Eizenstat believes the exercise is unprecedented.

“The most important accomplishment was that it happened at all after the events had receded into the mist of history,” he said.

The United States took a lead in the effort as did the World Jewish Congress and the Conference for Jewish Material Claims Against Germany. U.S. lawyers assembled class action suits on behalf of survivors.

The new round of scrutiny and demand for payments was made possible partly by the end of the Cold War and release of long-secret documents. Renewed interest in World War II, growing attention to human rights and a host of other factors combined with long-silent victims finally talking about what they endured. Others made renewed demands to a world perhaps more ready to listen, advocates say.

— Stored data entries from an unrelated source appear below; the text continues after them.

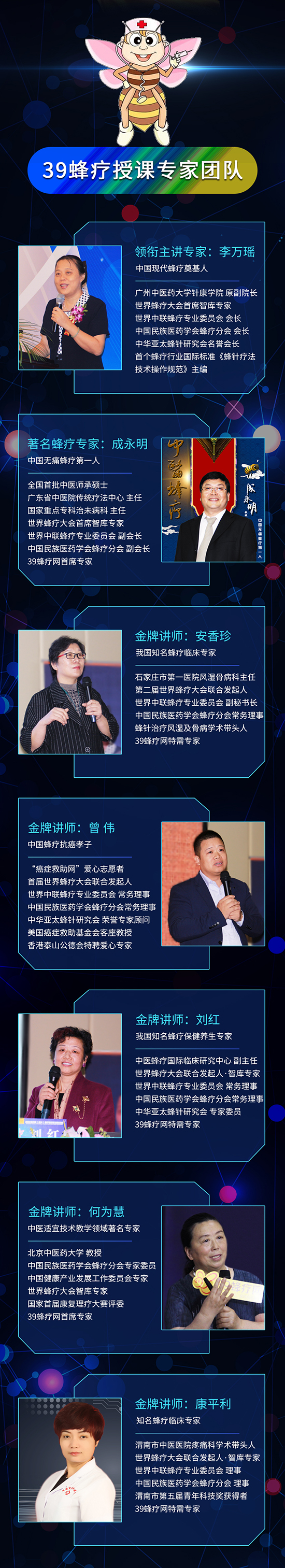 选择集训营,最重要的是品牌力量。39蜂疗集训营,领衔主讲人为我国著名蜂疗专家——李万瑶教授,世界首个达到国际标准的《蜂针疗法技术操作规范》就是在她的带领下完成的;同时多位国内知名蜂疗专家亲临授课,名师才能出高徒,这是39蜂疗集训营的底线。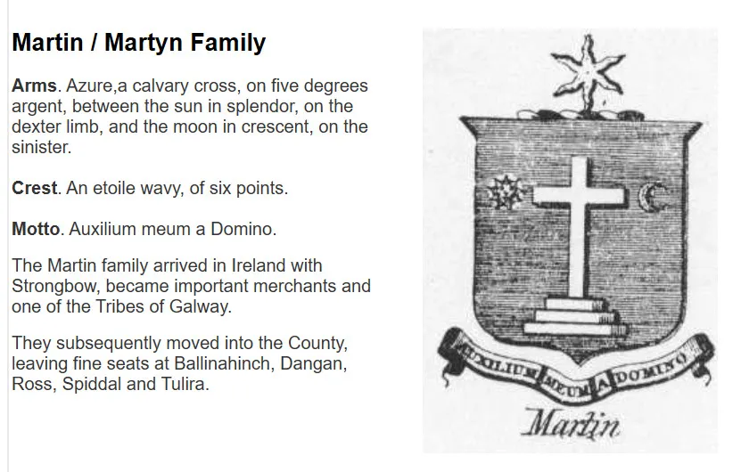 The Martin family is of early origin in Galway. Their pedigree relates, that Oliver Martin was the first of the name, that settled in Ireland. He that he was a follower of Strongbow, and the name Martin was derived from Martius, warlike.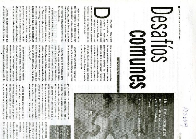 Autoras chilenas - Araujo, Kathya - Desafíos comunes. Retrato de la sociedad chilena y sus individuos
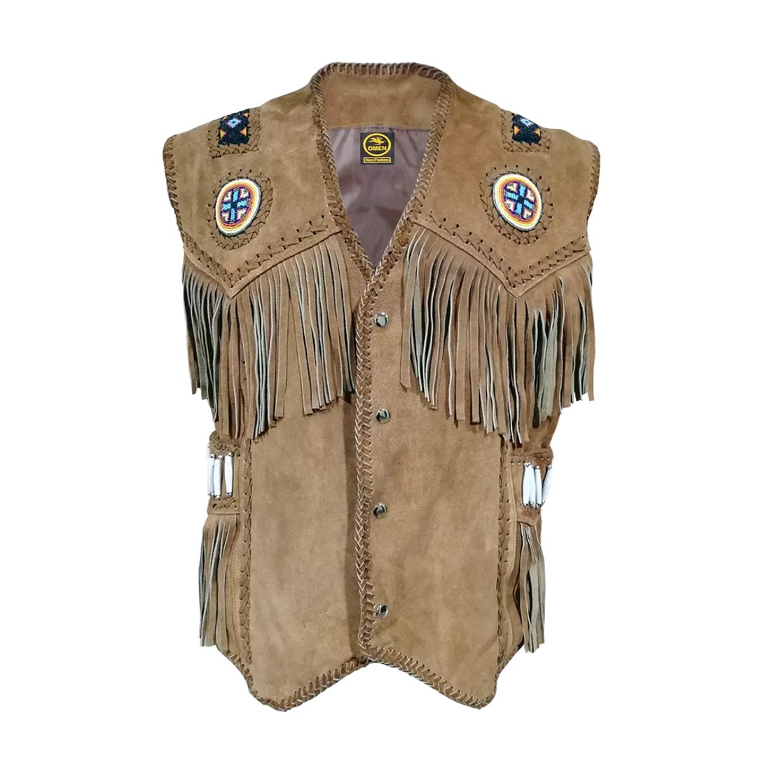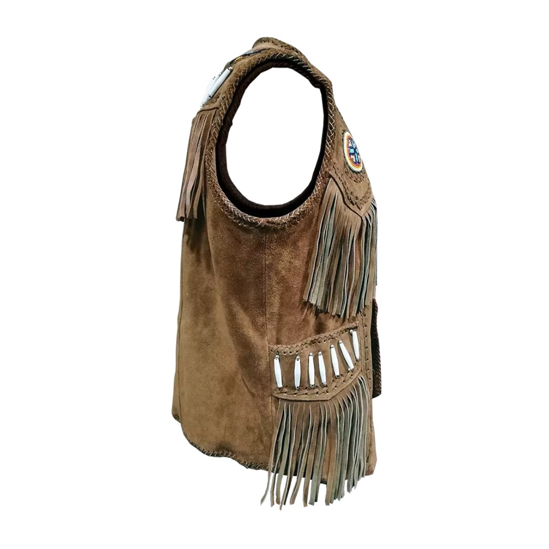 New Men Western Wear Cowboy Suede Vest With Fringes Beads Bones & Braid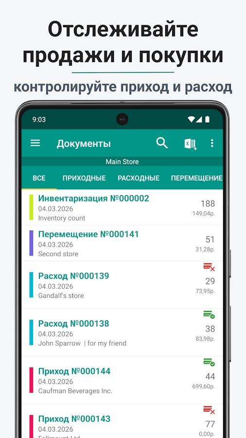 Вы можете оформлять документы прихода(покупки), расхода(продажи), инвентаризации и перемещения между складами.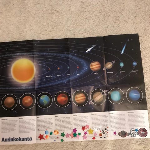 Myydään leikki aurinkokunta jossa lapsi voi liikutella planeettoja. Ostettu Flying Tiger kaupasta.

The campaign was unwelcome in many quarters. Settlements were made in return for legal peace — the U.S. government promised to discourage its courts from entertaining future lawsuits.

The first big fight was the 1996 claim against Swiss banks, which eventually agreed to a $1.25 billion settlement.

The case tarnished Switzerland’s reputation as a neutral wartime country that had helped save Jews, adding revelations that its banks profited from the Holocaust by keeping assets of slain Jews, acting as Hitler’s banker and trafficking in plundered gold.

“It was like throwing a pebble into the pond and having the ripples go out,” said Greg Bradsher, the National Archives’ lead historian on Holocaust-era issues. “People researching Swiss banks were the ones who stumbled on things about Ford and slave labor” — bolstering a lawsuit against Ford Motor Co.’s wartime German subsidiary and others that used concentration camp labor for little or no pay.

Eventually, Germany and Austria and their corporations agreed to compensate forced laborers and European insurance companies agreed to address dormant policies of those who died in the Holocaust. Though Austria and Germany had paid other postwar compensation, it was judged to be insufficient or to have left out certain categories of victims.